Exercise directions: Once you find the line below that has "Слайд 10 В русском", output it and every line after it exactly, stopping after the line that has "The Empire of the Triple Alliance also", with no pictures.

[Data excerpts]
====
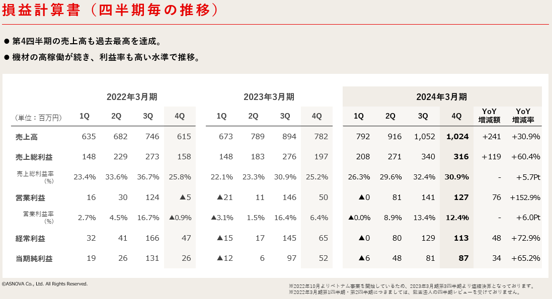 2024年3月期第4四半期においても、売上高・営業利益ともに過去最高の結果となりました。
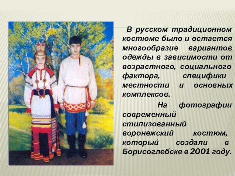 Слайд 10 В русском традиционном костюме было и остается многообразие вариантов
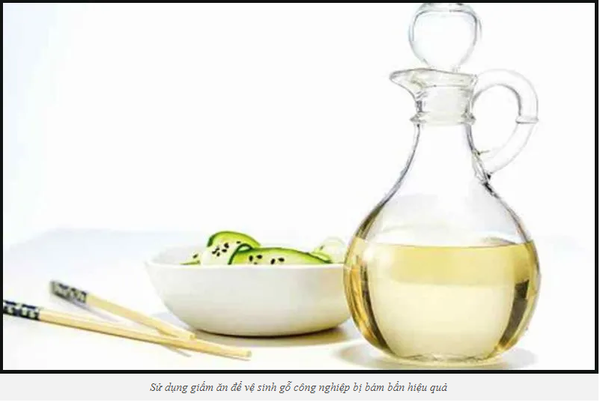 Nếu phát hiện những vết bẩn cứng đầu trên sàn gỗ mà nước không thể làm sạch, thì dấm ăn cũng là một trong những phương pháp vệ sinh gỗ mà bạn nên lựa chọn, bởi giấm có thể giúp loại bỏ những vết bẩn khó tẩy rửa trên bề mặt gỗ công nghiệp.
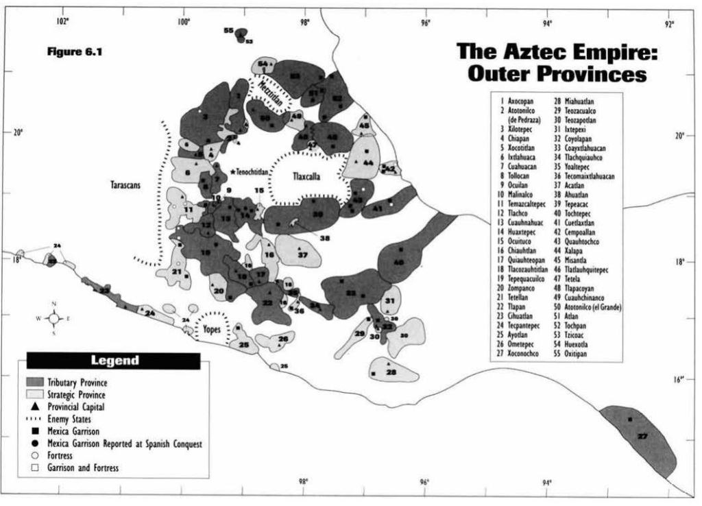The Empire of the Triple Alliance also established strategic provinces in the outer fringes of the empire. These provinces were made up of altepetl that were treated more like allies. They were not assessed a tribute quota. Their responsibility was to provide military defense against enemies of the Empire of the Triple Alliance such as the Tlaxcalans and Tarascans.
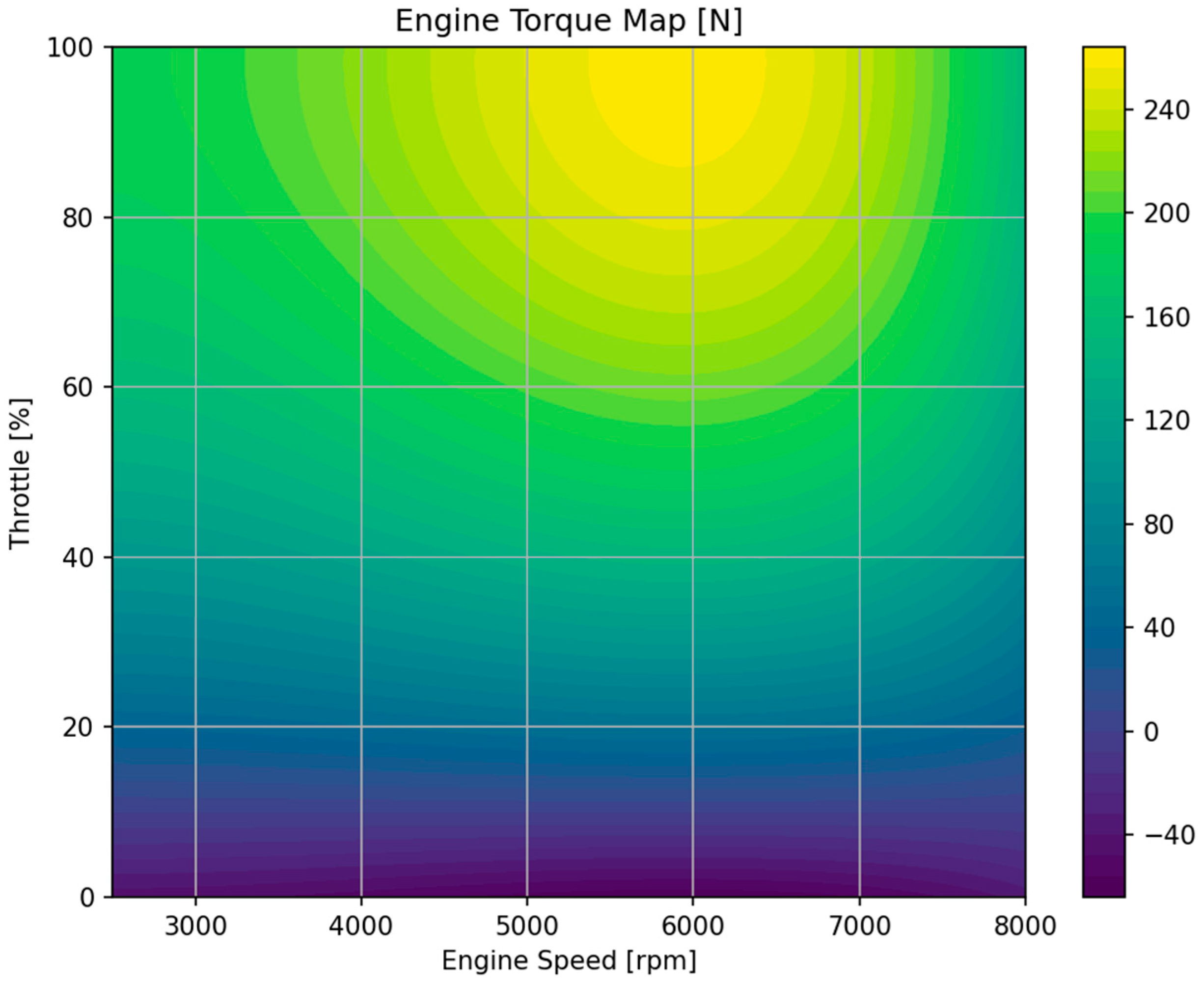 A third-order polynomial representation was selected as a compromise between fitting accuracy and numerical robustness. Lower-order fits were unable to capture the nonlinear saturation behaviour of torque at high throttle and engine speeds, while higher-order polynomials introduced oscillatory behaviour and increased numerical stiffness in the optimisation problem. Since gradient-based nonlinear programming solvers require smooth and well-conditioned derivatives, the third-order fit provided sufficient accuracy while preserving stability and convergence of the optimal control solution. Similar polynomial approximations are commonly adopted in lap time optimisation studies where differentiability of the drivetrain model is required.
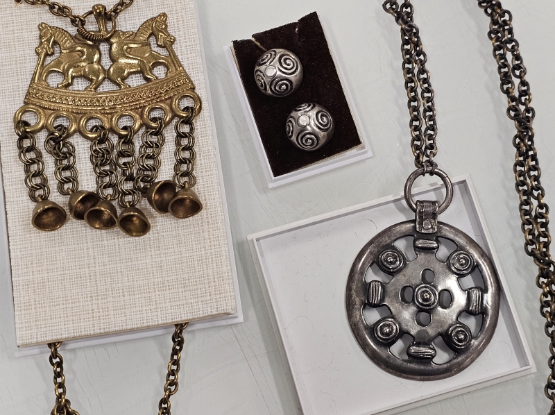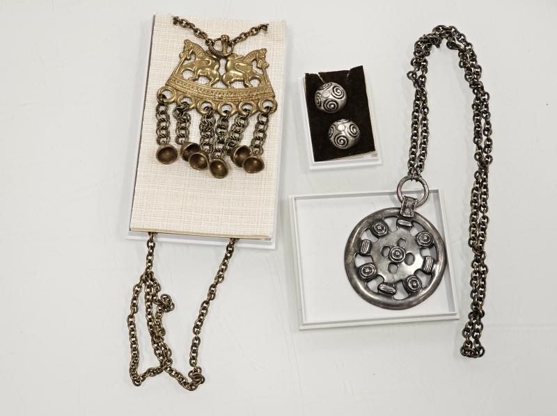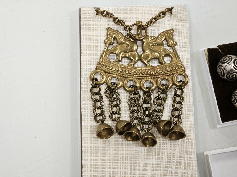 #1391 - Kalevala korun koruja: Mm. hopeiset kalvosinnapit, Kaksi ratsastajaa ym.
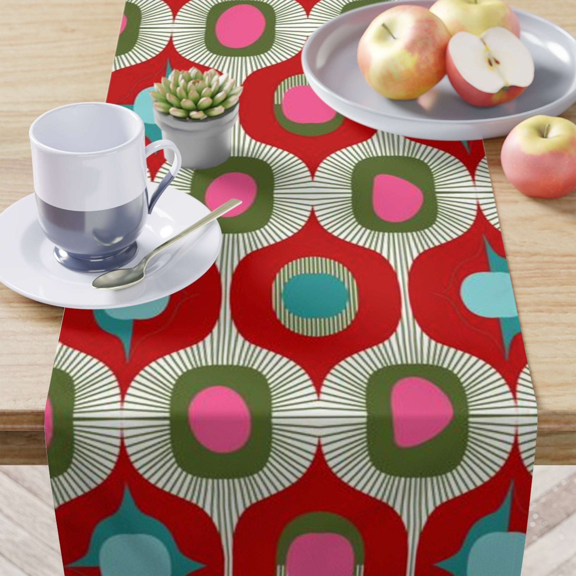 Table Runner Mcm Retro Vintage Style Geometric Red
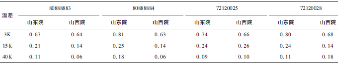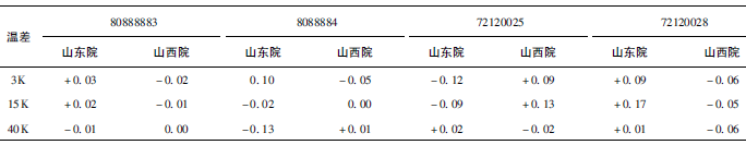 (1)熱量相對示值誤差測量結果中,兩院在15K點處與參考值的差值最大,山東院為+0.17K(72120028);山西院為+0.13K(72120025)。由于3K溫差對相對誤差來說要求較高,所以差值的擴展不確定度也較大,為0.63%~0.81%。
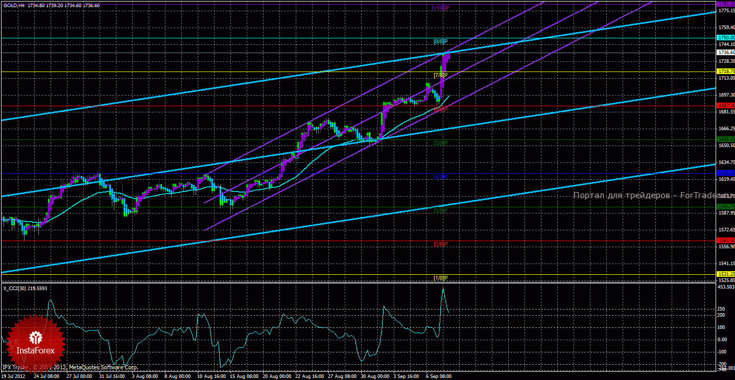 Исходя из картины, сложившейся по золоту 10 сентября, видно, что инструмент сохраняет перспективы восходящего движения, но сейчас может начаться нисходящая коррекция. Старший канал направлен наверх, что свидетельствует о восходящем направлении движения глобального тренда. Младший канал также направлен наверх, что означает восходящее направление движения и в среднесрочном плане. На данный момент цена находится выше мувинга и выше уровня Мюррея «7/8», что говорит нам о восходящем направлении движения в ближайшей перспективе. Первой целью восходящего движения, таким образом, является уровень Мюррея «8/8» — 1750,00. В случае преодоления этого уровня следующей целью для восходящего движения станет уровень Мюррея «+1/8» — 1781,25. Скользящая средняя направлена вверх, а цена находится выше нее, поэтому сейчас более вероятно восходящее движение в ближайшие дни. Хайкен Аши окрасил последние бары в фиолетовый цвет, что сигнализирует о текущем восходящем движении, поэтому лонги можно сейчас рассматривать до образования 1-2 голубых баров. Короткие позиции станут вновь актуальными после разворота одного из каналов линейной регрессии вниз и закрепления цены ниже мувинга. Индикатор CCI находится около уровня 200, что говорит о наличии сильной перекупленности инструмента, начало нисходящей коррекции в ближайшее время очень вероятно.
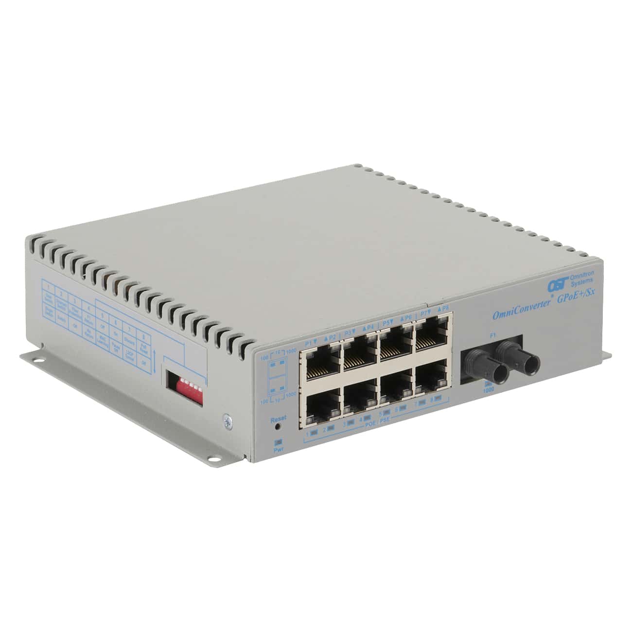 OmniConverter® GPoE+/SX: 8 x 10/100/1Gbps RJ-45 PoE+ 30W to 1 x 1 Gbps, ST, SMDF, 1310, 12km, Unmanaged Ethernet Switch, Standalone/Wall-Mount, DC 2-Pin Terminal, Extended Temperature Range
====
Answer section:
 Слайд 10 В русском традиционном костюме было и остается многообразие вариантов
 Nếu phát hiện những vết bẩn cứng đầu trên sàn gỗ mà nước không thể làm sạch, thì dấm ăn cũng là một trong những phương pháp vệ sinh gỗ mà bạn nên lựa chọn, bởi giấm có thể giúp loại bỏ những vết bẩn khó tẩy rửa trên bề mặt gỗ công nghiệp.
The Empire of the Triple Alliance also established strategic provinces in the outer fringes of the empire. These provinces were made up of altepetl that were treated more like allies. They were not assessed a tribute quota. Their responsibility was to provide military defense against enemies of the Empire of the Triple Alliance such as the Tlaxcalans and Tarascans.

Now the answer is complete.